* **WORK ITEM**: Look below for the line that has "Diese besondere Immobilienofferte". Set down the lines from there through the line that has "единства и творчества.", exactly as written.

··· DATA RECORDS ···

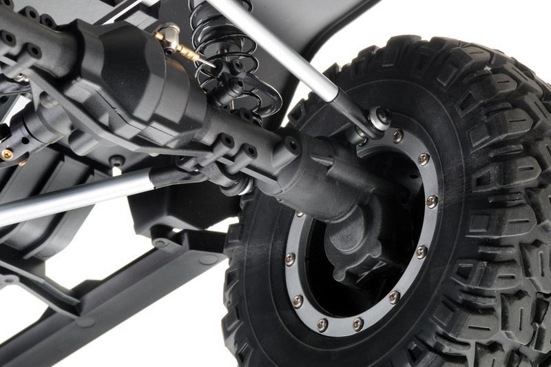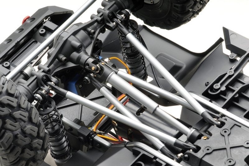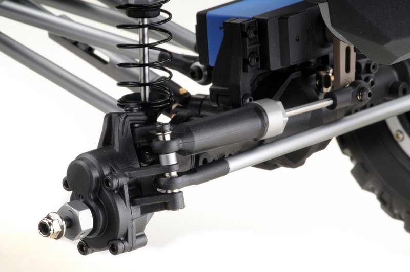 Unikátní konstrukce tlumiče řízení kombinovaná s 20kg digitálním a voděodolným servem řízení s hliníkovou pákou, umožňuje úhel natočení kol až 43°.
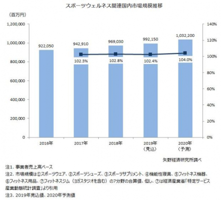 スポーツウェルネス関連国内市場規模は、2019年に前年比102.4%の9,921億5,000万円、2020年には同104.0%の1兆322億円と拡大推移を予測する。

···
··· DATA RECORDS ···

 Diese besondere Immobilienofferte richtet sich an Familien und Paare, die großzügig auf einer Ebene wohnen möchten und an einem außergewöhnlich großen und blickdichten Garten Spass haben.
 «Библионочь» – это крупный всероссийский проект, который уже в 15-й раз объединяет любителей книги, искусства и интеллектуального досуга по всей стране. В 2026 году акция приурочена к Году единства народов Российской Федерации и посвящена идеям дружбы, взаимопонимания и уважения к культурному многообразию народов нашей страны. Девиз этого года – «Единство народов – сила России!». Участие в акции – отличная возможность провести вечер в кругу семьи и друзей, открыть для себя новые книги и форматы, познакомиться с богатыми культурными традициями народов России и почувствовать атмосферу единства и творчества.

···

* **EXERCISE ANSWER**:
 Diese besondere Immobilienofferte richtet sich an Familien und Paare, die großzügig auf einer Ebene wohnen möchten und an einem außergewöhnlich großen und blickdichten Garten Spass haben.
 «Библионочь» – это крупный всероссийский проект, который уже в 15-й раз объединяет любителей книги, искусства и интеллектуального досуга по всей стране. В 2026 году акция приурочена к Году единства народов Российской Федерации и посвящена идеям дружбы, взаимопонимания и уважения к культурному многообразию народов нашей страны. Девиз этого года – «Единство народов – сила России!». Участие в акции – отличная возможность провести вечер в кругу семьи и друзей, открыть для себя новые книги и форматы, познакомиться с богатыми культурными традициями народов России и почувствовать атмосферу единства и творчества.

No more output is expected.